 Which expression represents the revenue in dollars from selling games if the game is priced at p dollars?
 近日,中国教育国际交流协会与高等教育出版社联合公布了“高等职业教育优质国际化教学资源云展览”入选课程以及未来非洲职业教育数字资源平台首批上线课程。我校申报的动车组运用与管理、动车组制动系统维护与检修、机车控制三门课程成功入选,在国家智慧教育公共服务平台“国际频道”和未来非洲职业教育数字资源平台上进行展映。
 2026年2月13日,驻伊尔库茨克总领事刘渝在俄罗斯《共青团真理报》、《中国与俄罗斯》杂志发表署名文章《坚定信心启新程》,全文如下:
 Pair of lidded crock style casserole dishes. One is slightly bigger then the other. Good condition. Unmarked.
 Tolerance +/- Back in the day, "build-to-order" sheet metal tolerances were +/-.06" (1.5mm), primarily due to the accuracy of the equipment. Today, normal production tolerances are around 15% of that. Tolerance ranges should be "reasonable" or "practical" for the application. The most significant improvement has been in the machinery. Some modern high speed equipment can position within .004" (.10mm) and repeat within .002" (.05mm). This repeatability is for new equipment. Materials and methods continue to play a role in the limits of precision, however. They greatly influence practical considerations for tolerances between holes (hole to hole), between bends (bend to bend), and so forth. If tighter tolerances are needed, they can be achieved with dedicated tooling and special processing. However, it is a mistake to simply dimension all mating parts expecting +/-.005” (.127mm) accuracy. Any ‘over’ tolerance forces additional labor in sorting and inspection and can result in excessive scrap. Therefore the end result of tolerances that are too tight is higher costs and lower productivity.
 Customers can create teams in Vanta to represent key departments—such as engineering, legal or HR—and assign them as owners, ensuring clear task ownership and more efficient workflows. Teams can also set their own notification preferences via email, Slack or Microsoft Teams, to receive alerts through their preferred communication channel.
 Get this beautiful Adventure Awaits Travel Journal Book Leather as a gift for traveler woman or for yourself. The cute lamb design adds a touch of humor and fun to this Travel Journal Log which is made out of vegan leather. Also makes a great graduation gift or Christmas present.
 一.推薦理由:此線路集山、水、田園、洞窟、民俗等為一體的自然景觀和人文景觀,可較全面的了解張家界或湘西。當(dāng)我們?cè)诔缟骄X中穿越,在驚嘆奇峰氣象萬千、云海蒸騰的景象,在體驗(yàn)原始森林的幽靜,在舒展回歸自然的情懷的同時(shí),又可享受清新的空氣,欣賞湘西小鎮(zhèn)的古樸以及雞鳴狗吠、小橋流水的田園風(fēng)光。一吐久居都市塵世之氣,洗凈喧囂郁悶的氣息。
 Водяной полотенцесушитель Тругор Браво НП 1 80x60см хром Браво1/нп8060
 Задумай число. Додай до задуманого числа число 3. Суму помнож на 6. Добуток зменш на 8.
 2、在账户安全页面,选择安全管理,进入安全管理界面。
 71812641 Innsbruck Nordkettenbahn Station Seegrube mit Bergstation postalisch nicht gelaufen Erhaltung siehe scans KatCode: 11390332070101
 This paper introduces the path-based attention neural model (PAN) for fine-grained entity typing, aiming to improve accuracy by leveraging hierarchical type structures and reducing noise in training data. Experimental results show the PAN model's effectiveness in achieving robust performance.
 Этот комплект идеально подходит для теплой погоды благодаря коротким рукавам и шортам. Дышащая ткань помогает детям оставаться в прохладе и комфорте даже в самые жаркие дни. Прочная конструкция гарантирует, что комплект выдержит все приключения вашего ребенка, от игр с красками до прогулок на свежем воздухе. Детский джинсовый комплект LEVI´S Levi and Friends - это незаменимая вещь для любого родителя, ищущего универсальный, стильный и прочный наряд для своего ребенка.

[TASK STATEMENT]:
The first line of the entries above and every line after it, up to and including the line with "Tolerance +/- Back", should be set down exactly.

[SOLUTION FOR THIS EXERCISE]:
 Which expression represents the revenue in dollars from selling games if the game is priced at p dollars?
 近日,中国教育国际交流协会与高等教育出版社联合公布了“高等职业教育优质国际化教学资源云展览”入选课程以及未来非洲职业教育数字资源平台首批上线课程。我校申报的动车组运用与管理、动车组制动系统维护与检修、机车控制三门课程成功入选,在国家智慧教育公共服务平台“国际频道”和未来非洲职业教育数字资源平台上进行展映。
 2026年2月13日,驻伊尔库茨克总领事刘渝在俄罗斯《共青团真理报》、《中国与俄罗斯》杂志发表署名文章《坚定信心启新程》,全文如下:
 Pair of lidded crock style casserole dishes. One is slightly bigger then the other. Good condition. Unmarked.
 Tolerance +/- Back in the day, "build-to-order" sheet metal tolerances were +/-.06" (1.5mm), primarily due to the accuracy of the equipment. Today, normal production tolerances are around 15% of that. Tolerance ranges should be "reasonable" or "practical" for the application. The most significant improvement has been in the machinery. Some modern high speed equipment can position within .004" (.10mm) and repeat within .002" (.05mm). This repeatability is for new equipment. Materials and methods continue to play a role in the limits of precision, however. They greatly influence practical considerations for tolerances between holes (hole to hole), between bends (bend to bend), and so forth. If tighter tolerances are needed, they can be achieved with dedicated tooling and special processing. However, it is a mistake to simply dimension all mating parts expecting +/-.005” (.127mm) accuracy. Any ‘over’ tolerance forces additional labor in sorting and inspection and can result in excessive scrap. Therefore the end result of tolerances that are too tight is higher costs and lower productivity.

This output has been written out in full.